Re: Added schema level support for publication. - Mailing list pgsql-hackers

From vignesh C
Subject Re: Added schema level support for publication.
Date
Msg-id CALDaNm3tifDjb3jum=cvBjtzzK3mJdboMVdbPZcz-wH+Xu=cEQ@mail.gmail.com
Whole thread Raw
In response to Re: Added schema level support for publication.  (Bharath Rupireddy <bharath.rupireddyforpostgres@gmail.com>)
List pgsql-hackers
On Mon, Jan 11, 2021 at 11:45 AM Bharath Rupireddy
<bharath.rupireddyforpostgres@gmail.com> wrote:
>
> On Sun, Jan 10, 2021 at 11:21 PM vignesh C <vignesh21@gmail.com> wrote:
> > On Sat, Jan 9, 2021 at 8:08 PM Bharath Rupireddy
> > <bharath.rupireddyforpostgres@gmail.com> wrote:
> > > I think this feature can be useful, in case a user has a lot of tables
> > > to publish inside a schema. Having said that, I wonder if this feature
> > > mandates users to create the same schema with same
> > > permissions/authorizations manually on the subscriber, because logical
> > > replication doesn't propagate any ddl's so are the schema or schema
> > > changes? Or is it that the list of tables from the publisher can go
> > > into a different schema on the subscriber?
> > >
> >
> > DDL's will not be propagated to the subscriber. Users have to create
> > the schema & tables in the subscriber. No change in
> > Permissions/authorizations handling, it will be the same as the
> > existing behavior for relations.
>
> Looks like the existing behaviour already requires users to create the
> schema on the subscriber when publishing the tables from that schema.
> Otherwise, an error is thrown on the subscriber [1].
>
> [1] on publisher:
> CREATE SCHEMA myschema;
> CREATE TABLE myschema.t1(a1 int, b1 int);
> INSERT INTO myschema.t1_myschema SELECT i, i+10 FROM generate_series(1,10) i;
> CREATE PUBLICATION testpub FOR TABLE myschema.t1;
>
> on subscriber:
> postgres=# CREATE SUBSCRIPTION testsub CONNECTION 'host=localhost
> dbname=postgres user=bharath port=5432' PUBLICATION testpub;
> ERROR:  schema "myschema" does not exist
> CREATE SCHEMA myschema;
> CREATE TABLE myschema.t1(a1 int, b1 int);
> postgres=# CREATE SUBSCRIPTION testsub CONNECTION 'host=localhost
> dbname=postgres user=bharath port=5432' PUBLICATION testpub;
> NOTICE:  created replication slot "testsub" on publisher
> CREATE SUBSCRIPTION
>

Yes this feature will also have the same behavior, DDL creation should
be taken care of by DBA similar to how it is handled may be using
pg_dump or use sql scripts/statements to update.

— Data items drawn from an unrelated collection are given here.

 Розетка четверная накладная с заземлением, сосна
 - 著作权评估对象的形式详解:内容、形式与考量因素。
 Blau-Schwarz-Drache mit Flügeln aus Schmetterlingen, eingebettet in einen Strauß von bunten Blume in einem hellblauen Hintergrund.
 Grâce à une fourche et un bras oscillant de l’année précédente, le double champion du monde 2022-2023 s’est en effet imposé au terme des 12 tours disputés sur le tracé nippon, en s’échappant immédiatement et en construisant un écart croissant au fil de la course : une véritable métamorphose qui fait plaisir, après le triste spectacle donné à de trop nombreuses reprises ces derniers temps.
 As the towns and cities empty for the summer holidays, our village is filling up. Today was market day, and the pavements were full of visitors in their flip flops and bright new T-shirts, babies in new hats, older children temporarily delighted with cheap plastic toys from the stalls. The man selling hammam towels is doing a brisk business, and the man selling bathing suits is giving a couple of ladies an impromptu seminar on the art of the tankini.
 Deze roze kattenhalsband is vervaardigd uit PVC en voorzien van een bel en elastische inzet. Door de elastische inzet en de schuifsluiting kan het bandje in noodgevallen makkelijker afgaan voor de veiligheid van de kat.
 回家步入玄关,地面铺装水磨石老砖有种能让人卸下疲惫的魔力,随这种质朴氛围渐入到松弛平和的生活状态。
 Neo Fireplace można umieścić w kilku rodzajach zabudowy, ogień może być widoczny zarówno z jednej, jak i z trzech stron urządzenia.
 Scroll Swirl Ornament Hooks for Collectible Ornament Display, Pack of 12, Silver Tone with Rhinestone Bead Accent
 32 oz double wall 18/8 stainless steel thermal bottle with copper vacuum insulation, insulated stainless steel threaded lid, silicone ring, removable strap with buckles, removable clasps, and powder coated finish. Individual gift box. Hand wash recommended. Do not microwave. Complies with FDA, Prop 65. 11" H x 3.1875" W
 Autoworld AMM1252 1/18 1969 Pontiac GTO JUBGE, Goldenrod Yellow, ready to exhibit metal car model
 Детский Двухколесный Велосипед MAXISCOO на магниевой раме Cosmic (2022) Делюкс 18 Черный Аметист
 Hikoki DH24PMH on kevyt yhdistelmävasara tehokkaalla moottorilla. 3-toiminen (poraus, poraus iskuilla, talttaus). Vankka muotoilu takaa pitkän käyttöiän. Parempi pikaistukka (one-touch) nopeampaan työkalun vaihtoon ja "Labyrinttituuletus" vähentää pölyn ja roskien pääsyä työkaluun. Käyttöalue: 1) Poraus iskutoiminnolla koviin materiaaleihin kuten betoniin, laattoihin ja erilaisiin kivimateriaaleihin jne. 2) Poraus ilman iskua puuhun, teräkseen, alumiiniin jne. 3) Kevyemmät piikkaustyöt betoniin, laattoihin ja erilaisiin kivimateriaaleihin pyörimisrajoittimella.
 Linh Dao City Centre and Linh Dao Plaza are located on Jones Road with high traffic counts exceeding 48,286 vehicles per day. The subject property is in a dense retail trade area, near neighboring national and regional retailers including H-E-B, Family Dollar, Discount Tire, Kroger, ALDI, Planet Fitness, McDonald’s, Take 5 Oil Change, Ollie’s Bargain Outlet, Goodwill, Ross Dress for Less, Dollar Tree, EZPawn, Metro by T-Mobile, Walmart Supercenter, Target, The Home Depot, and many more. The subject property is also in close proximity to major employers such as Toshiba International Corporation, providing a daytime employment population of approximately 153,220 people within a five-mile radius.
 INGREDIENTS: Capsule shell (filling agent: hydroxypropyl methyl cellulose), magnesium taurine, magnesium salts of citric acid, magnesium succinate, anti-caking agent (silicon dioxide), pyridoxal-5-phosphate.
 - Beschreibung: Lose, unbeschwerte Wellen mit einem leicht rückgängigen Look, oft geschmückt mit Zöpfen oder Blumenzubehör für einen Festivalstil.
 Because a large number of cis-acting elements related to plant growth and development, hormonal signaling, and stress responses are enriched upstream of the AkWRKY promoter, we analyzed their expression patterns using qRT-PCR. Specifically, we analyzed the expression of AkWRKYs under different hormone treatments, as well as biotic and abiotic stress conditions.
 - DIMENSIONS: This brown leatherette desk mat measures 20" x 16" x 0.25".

> > > Since the schema can have other objects such as data types, functions,
> > > operators, I'm sure with your feature, non-table objects will be
> > > skipped.
> > >
> >
> > Yes, only table data will be sent to subscribers, non-table objects
> > will be skipped.
>
> Looks like the existing CREATE PUBLICATION FOR ALL TABLES, which is
> for all the tables in the database, does this i.e. skips non-table
> objects and temporary tables, foreign tables and so on. So, your
> feature also can behave the same way, but within the scope of the
> given schema/s.
>

Yes, it will support only normal tables. Non table objects, foreign
tables & temporary tables will not be supported.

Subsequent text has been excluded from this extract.